Required from the data below: the exact lines starting at the line containing "Display Name: You" and ending at the line containing "Set Couples Deep", with both ends kept and all pictures dropped.

- [Data]
:::::

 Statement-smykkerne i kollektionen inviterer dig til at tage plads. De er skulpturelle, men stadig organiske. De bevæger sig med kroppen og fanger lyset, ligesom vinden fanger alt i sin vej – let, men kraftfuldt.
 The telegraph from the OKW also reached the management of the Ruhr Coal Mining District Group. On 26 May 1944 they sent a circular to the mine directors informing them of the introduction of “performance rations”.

:::::

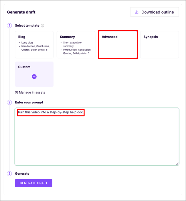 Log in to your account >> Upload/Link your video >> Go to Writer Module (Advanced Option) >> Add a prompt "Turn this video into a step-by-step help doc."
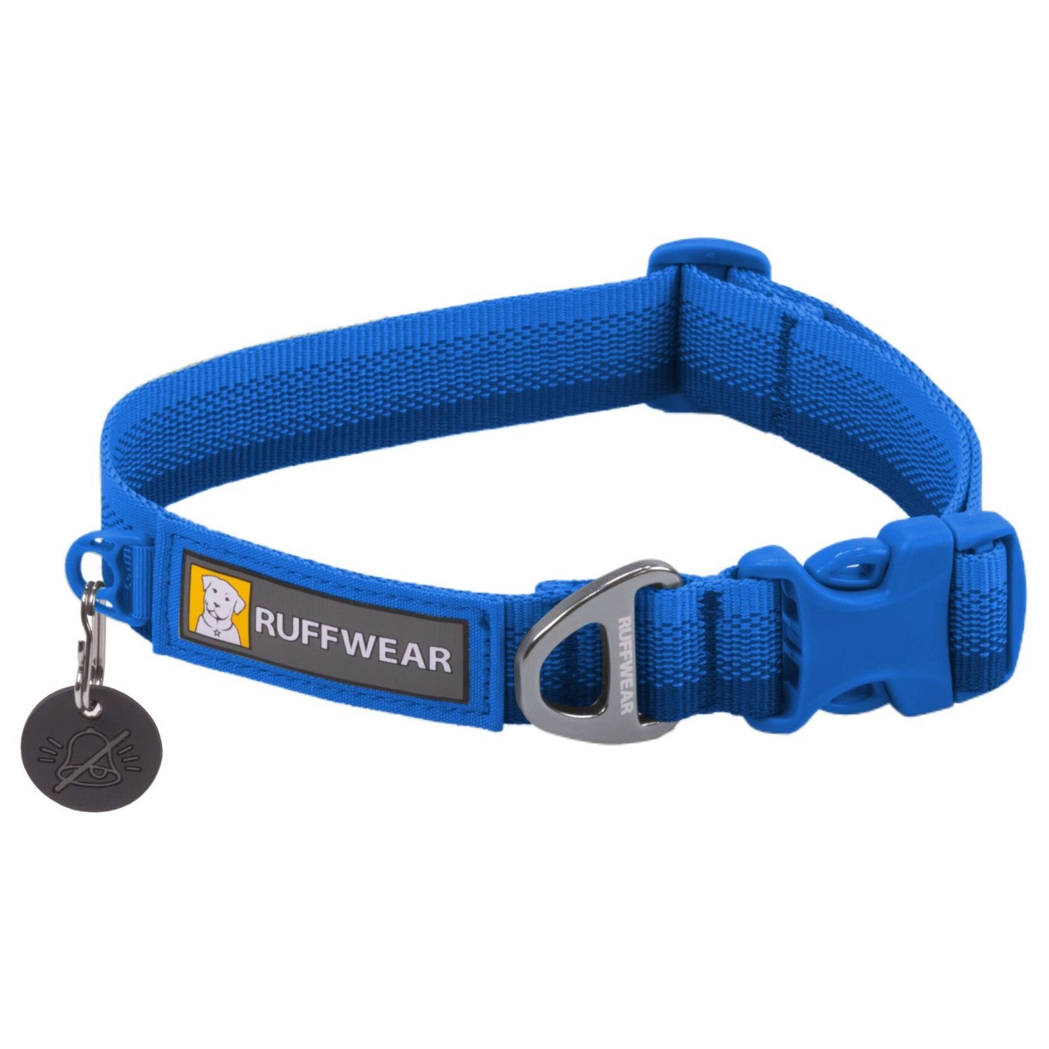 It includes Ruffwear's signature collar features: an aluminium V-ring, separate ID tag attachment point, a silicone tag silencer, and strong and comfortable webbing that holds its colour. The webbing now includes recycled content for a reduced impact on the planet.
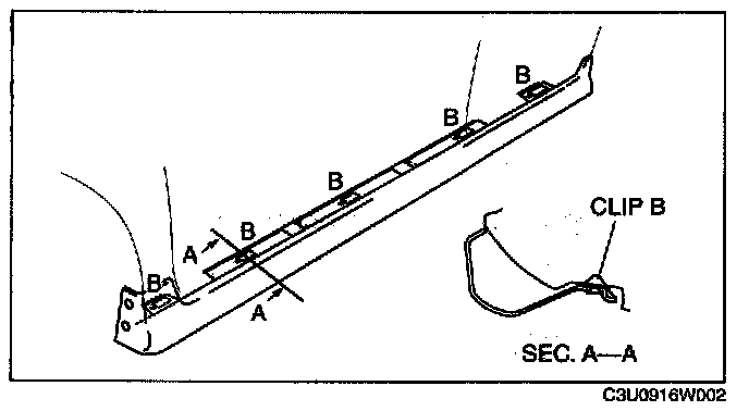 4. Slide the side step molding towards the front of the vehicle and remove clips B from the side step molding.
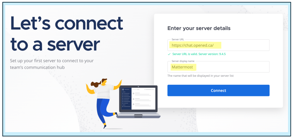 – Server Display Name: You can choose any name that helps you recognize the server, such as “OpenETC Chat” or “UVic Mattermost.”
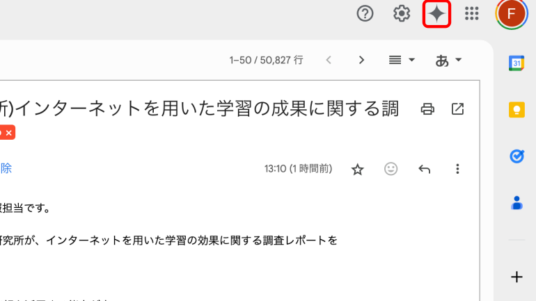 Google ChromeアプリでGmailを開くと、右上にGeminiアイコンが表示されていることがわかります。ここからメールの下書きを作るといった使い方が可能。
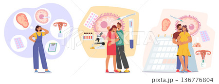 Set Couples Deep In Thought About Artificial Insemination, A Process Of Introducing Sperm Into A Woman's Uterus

:::::

- [Response to this exercise]
 – Server Display Name: You can choose any name that helps you recognize the server, such as “OpenETC Chat” or “UVic Mattermost.”
 Google ChromeアプリでGmailを開くと、右上にGeminiアイコンが表示されていることがわかります。ここからメールの下書きを作るといった使い方が可能。
 Set Couples Deep In Thought About Artificial Insemination, A Process Of Introducing Sperm Into A Woman's Uterus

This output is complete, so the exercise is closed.